For more choice though, a couple of streets inland from North Cronulla Beach and South Cronulla Beach (heading towards Cronulla Station) you’ll find plenty more options for food.
There are also lots of cafes and restaurants down here as well as on the neighbouring streets of Surf Lane and Gerrale Street. Alternatively there are several supermarkets along Cronulla Street if you want to buy things for a picnic.
You can either eat before, during or after the walk as you’ll be coming back this way anyway after the walk to get back to the train station or your car.
Cronulla has lots of bars too so it is a good place to spend a Saturday evening. Northies in particular is very popular and is great if you want to have a few drinks, a good atmosphere and good music.
Are dogs allowed on the Cronulla Coastal Walk?
Dogs are allowed on the coastal walk footpath (The Esplanade) on a leash. They are not allowed on the majority of the beaches here. They are however allowed in Cronulla Park (next to South Cronulla Beach) on a leash.
If you want to take your dog onto the beach, you’ll need to head up to Greenhills Beach (just north of Wanda Beach) which is an off leash dog beach. Alternatively Silver Beach in Kurnell (a 20 minute drive north) is an off leash dog beach.
My guide on Dog Friendly Beaches in Sydney explains exactly which part of these beaches dogs are allowed off-leash, as well as everything you need to know to bring your dog here.
Kurnell to Cronulla Coastal Walk
If you are spending a whole day in the Cronulla area and are looking for an alternative walk, why not stroll from Kurnell Beach all the way around Cape Solander to the top of Cronulla Beach?
It’s a long walk but there are lots of interesting things to see such as the landing place of Captain Cook and Cape Solander – one of the best spots in Sydney for whale watching!
How to get to Kurnell
Take the 987 bus from outside Cronulla Train Station (on the opposite side of the road, just in front of Monro Park). Buses run every hour so check the timetable!
The journey takes about 20 minutes and drops you off on Prince Charles Parade which is where Kurnell Beach is located.
Kurnell Beach is 2km long but it isn’t as stunning as Cronulla Beach as the view faces out towards Port Botany. On a clear day though you will be able to see the Sydney skyline in the distance.
There is an off leash dog area here at Kurnell Beach – at the western end between the third and forth jetties.
Kamay Botany Bay National Park
If you stroll all the way along Kurnell Beach you’ll reach Kamay Botany Bay National Park. Remember as this is a National Park no dogs are allowed here.
Captain Cook’s Landing Place
Kurnell is where Captain Cook’s Landing Place is. Captain James Cook was a British navigator and the first recorded explorer to land on the east coast of Australia in 1770.
Near the entrance of Kamay Botany Bay National Park you’ll see the Heritage Listed Site where Captain Cook landed 250 years ago. There is a plaque, an information placard and also an artistic boat sculpture to mark the location.

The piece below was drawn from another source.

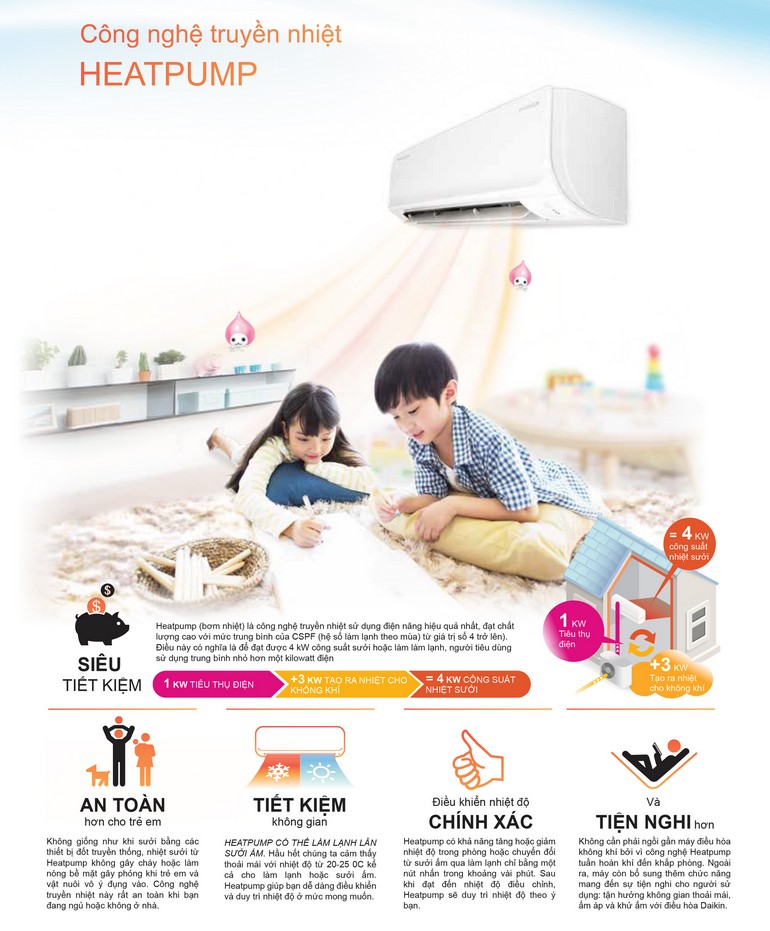 Heatpump (bơm nhiệt) là công nghệ truyền nhiệt sử dụng điện năng hiệu quả nhất, đạt chất lượng cao với mức trung bình của CSPF (hệ số làm lạnh theo mùa) từ giá trị số 4 trở lên. Điều này có nghĩa là để đạt được 4kW công suất làm lạnh, người tiêu dùng sử dụng trung bình nhỏ hơn 1 kW điện.

The crew on his boat the Endeavor made contact with the Aboriginal people here, so note that this area can sometimes be the location for Aboriginal protests as the arrival of Captain Cook marked the dissemination of the Aboriginal people.
A little further along you’ll see the whale statue to commemorate the popular whale watching spot. You can see across to the skyline of Sydney on a clear day, as well as La Perouse and Cape Banks.

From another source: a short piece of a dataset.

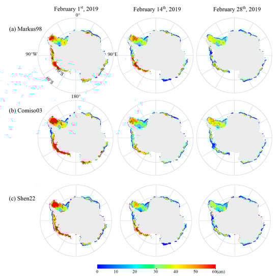 Based on commonly used remote sensing models for the retrieval of snow depth on sea ice, namely Markus98 [], Comiso03 [], and Shen22 [], this study employed HY-2B SMR data to retrieve the snow depth for Antarctic sea ice. Figure 4 presents the snow depth retrievals based on the three different models, with each model’s results indicated by a separate trace (taking 1 February, 14 February, and 28 February in 2009 as examples). Generally, the retrieved snow depth retrieved from HY-2B based on Markus98, Comiso03, and Shen22 models has similar spatial distribution, with thicker snow concentrated in the Weddell Sea and Bellingshausen and Amundsen seas, which are mainly in multi-year ice areas []. Due to the melting sea ice season in February, only thin snow existed on the remaining sea ice in the Southern Indian and Southern Pacific oceans. Among the differences in snow depth derived from the three models, the snow depth retrieved from HY-2B SMR data based on the Comiso03 model was relatively thicker than that retrieved using the Shen22 and Markus98 models.

Cape Solander Whale Viewing Station
Cape Solander is one of the best places in Sydney for whale watching.
The whale watching season goes from June to November, with mid June to mid July often being the best time to spot these majestic creatures as they migrate up to warmer waters.
You may want to consider bringing some binoculars and a fold up chair as sometimes it can be a while before you spot any.
Note if you come on a rainy or particularly cloudy day it will be a lot trickier to spot any whales, but there is shelter here if it rains though.
There is usually a mobile cafe here where you can grab a coffee and some cake.
There are a couple of benches where you can sit and look out for whales, but if often gets busy here so you may want to walk along the rock platforms and sit down on the rocks if you want to get away from the crowds.
From Cape Solander you can walk all the way to Cronulla Beach along the Cape Baily Track.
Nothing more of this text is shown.